Venkatesh Prabhu Kasthuri Raja (born 28 July 1983), known professionally as Dhanush, is an Indian actor, producer, director, lyricist and playback singer who predominantly works in Tamil cinema. Having starred in 46 films over his career, his accolades include four National Film Awards (two as actor and two as producer), 14 SIIMA Awards, nine Vijay Awards, seven Filmfare Awards South, five Vikatan Awards, five Edison Awards and a Filmfare Award. He has been included in the Forbes India Celebrity 100 list six times, which is based on the earnings of Indian celebrities.
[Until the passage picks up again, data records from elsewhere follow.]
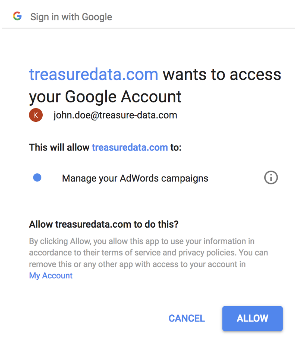 Select it to connect a new account. Log into your Google AdWords account from the new window and grant Treasure Data access to your Ads campaigns: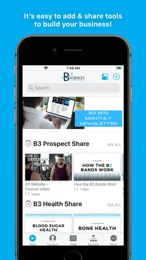 With the B3 Share app, you can easily share your way to success with tools that create word-of-mouth buzz and complement belly-to-belly efforts! Connect with new contacts and interact with your team by sharing exclusive, corporate-approved tools. You’ll have a vast array of marketing materials like videos, images, and more—all right at your fingertips! The powerful, yet beautifully simple design, along with compelling tools, makes growing your business simpler than ever.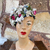 1960’s blush lampshade hat. Features ribbons wrapped around netting in a large abstract floral pattern. Blush netting falls over half the hat. Can be worn as shown off to the the side or on top of head. In excellent condition. Interior diameter measures approximately 6 1/2inches Height measures approximately 5 inches and across top measures approximately 6 inches.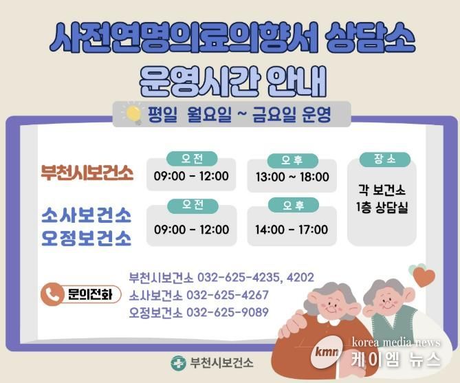 (케이엠뉴스) 부천시는 부천시․소사․오정보건소에서 시민이 삶의 마지막 순간까지 존엄성과 자기결정권을 존중받을 수 있도록 ‘사전연명의료의향서 상담소’를 운영하고 있다.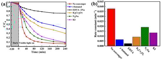 To investigate the main species involved in the complete removal of the pollutant, t-butanol, NaN3, EDTA-2Na, and K2Cr2O7 were added as a quencher of the hydroxyl radicals, superoxide anion radicals, holes, and electrons, respectively. Furthermore, KI was also added for quenching of surface hydroxyl radicals and photogenerated holes. In practice, 5 mM of each scavenger was added [2].
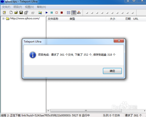 这是我们点击软件上面的三角形图标。就开始了整个网站的复制。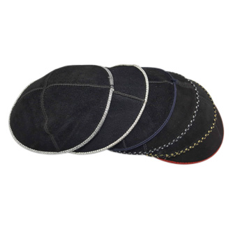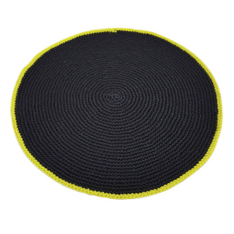 כיפה סרוגה עבודת יד שטוחה שחור פס צהוב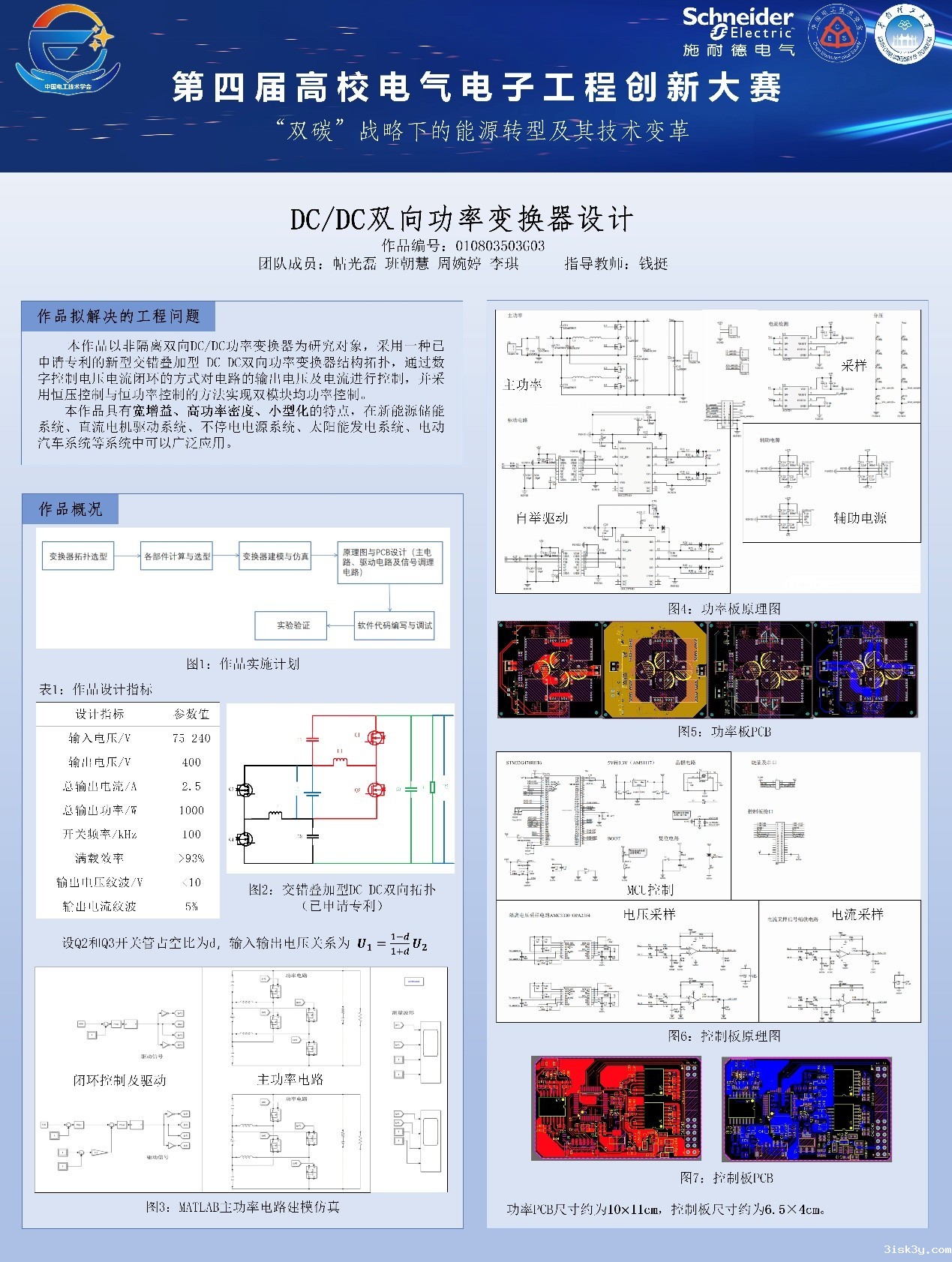 决赛中,帖光磊、周婉婷、班朝慧、李琪团队(指导教师钱挺)和周锡帆、颜涛、杨济玮、颜辅佐、田珂菲团队(指导教师胡波、张文豪)围绕“DC/DC双向功率变换器设计”赛题准备充分、装置可靠,在现场测试中表现优越,双双荣获全国特等奖,其中帖光磊团队凭借创新的拓扑结构斩获“杰出创新奖”。任蓦函、韩音黎、朱素蓉、姜惟、李国葳团队(指导教师张文豪、董子航)针对赛题“光储充一体化系统设计”,依托实际工业园区开展设计规划、绿色用能与经济核算,作品完整、设计合理,荣获全国二等奖。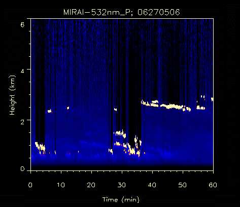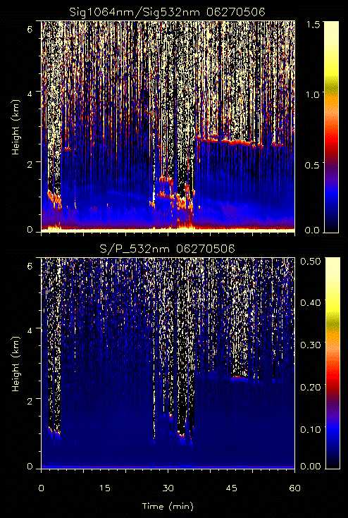 Ratio of 1064-nm signal to 532-nm signal (upper) and depolarization ratio at 532 nm (lower)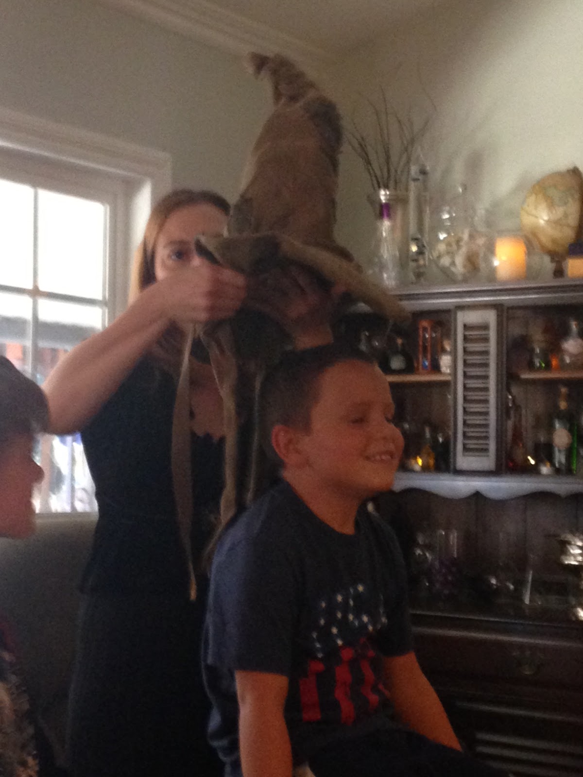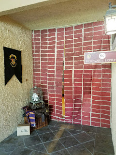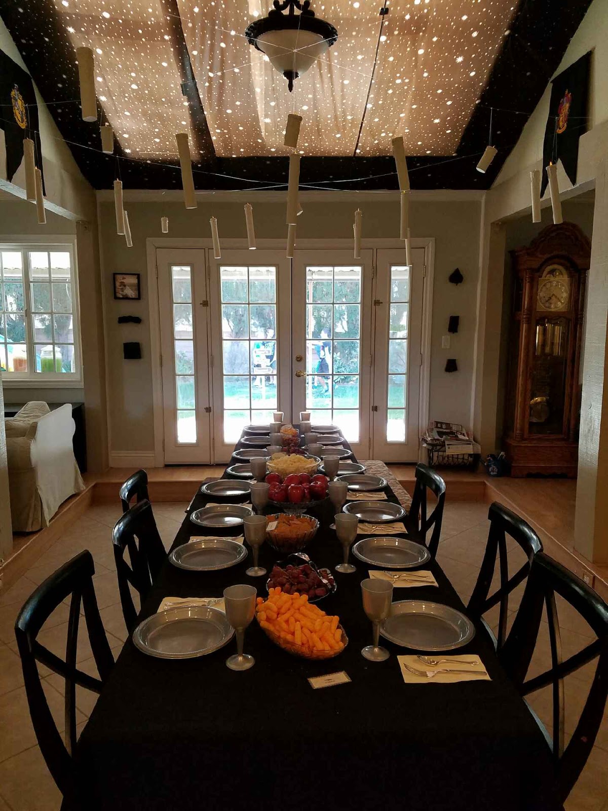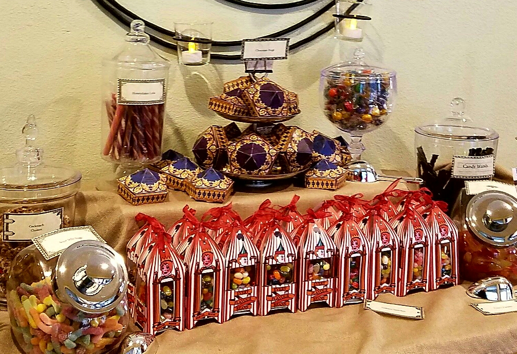 Our living room was set up with portraits of famous wizards, a potions cabinet with a pensive and some other items you may find in the wizarding world. We used battery powered faux candles everywhere since we had 23 nine year old boys.

Dhanush's first film was Thulluvadho Ilamai, a 2002 coming-of-age film directed by his father, Kasthuri Raja. He achieved further success in Polladhavan (2007) and Yaaradi Nee Mohini (2008), both of which were critically acclaimed and commercially successful. His role as a rooster fight jockey in Aadukalam (2010) won him the National Film Award for Best Actor and the Filmfare Award for Best Actor – Tamil. He continued success with films including Maryan (2013), Velaiilla Pattadhari (2014), Anegan (2015), Kodi (2016), Vadachennai (2018), Asuran (2019), Thiruchitrambalam (2022) and Vaathi (2023). Vadachennai emerged as the highest-grossing A-rated Tamil film of all time, while Thiruchitrambalam and Vaathi entered the 100 Crore Club within a month of their release. During the 2010s, he also starred in the action films Maari (2015), Maari 2 (2018), and Velaiilla Pattadhari 2 (2017).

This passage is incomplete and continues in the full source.